Truth be told, I can think of
at least a couple or three other things that Jesus might have done before
finishing up for the day. Clearly, there were a few more sick to heal, a few
more outcasts to embrace, a few more lepers to restore to fellowship, a few
more lessons to teach, a few more demons to cast out… In the five porches
surrounding the Pool of Bethesda alone there was still much work to be done –
and He could have swung by a cemetery or two on His way there or back. But no.
Finished!
Apparently His agenda was
something other than what I think it ought to have been. And, for His agenda –
learned from His Father – the word is finished. (I suspect, by the way, that
His agenda is still other than I think it ought to be. Which may explain why
“finished” is not a word to describe many of my days.)
What kind of life must Jesus
have lived in order to be able to say those wonderfully final words? My guess
is that a life that ends the final day with those words is a life that ended
each day with those words.
You don’t get to finished on
the final day without each day until then being finished. Jesus lets us know,
probably from experience, that each day has enough trouble of its own – it
doesn’t need trouble imported from the future or the past. Each day’s trouble
must be dealt with that day – no carry overs.
I can’t help but wonder if it
was the awareness of His death that enabled Him to live with complete focus
each day to the extent that at the end of each day, it was finished. Not simply
over or ended – finished. What was necessary to be done, done. No remainder.

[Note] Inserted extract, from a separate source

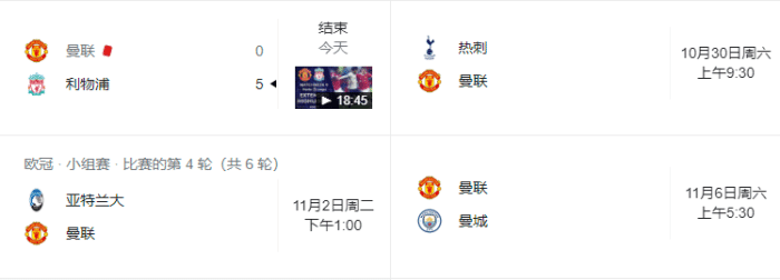 24直播网10月25日讯 今天凌晨,曼联在英超主场0-5惨败死敌利物浦,博格巴染红,接下来红魔将接连迎战热刺、亚特兰大和曼城。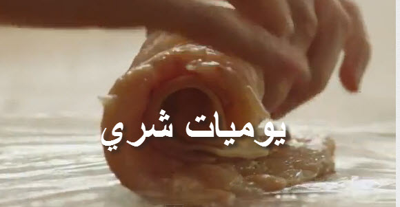 ترص قطع الدجاج علي السطح وتغطا بورق بلاستيك وتدق عليها بمطرقة الدجاج او اي النشابة وتفرد بحيث يكون سمكها 1/4بوصة

In this Lenten exercise of
contemplating the day of my death, I am challenged by how much of each of my
days is taken up with something other than that day’s challenge. The result is
that I can rarely say that it is finished. Over, done, ended, run out of,
exhausted – all those and more. But rarely, finished. I want to learn from
Jesus how to live each day. Period. I suspect that will mean more things left
undone than are done. Perhaps that is the way to finish. My life will end
finished to the degree to which each day until then ends finished.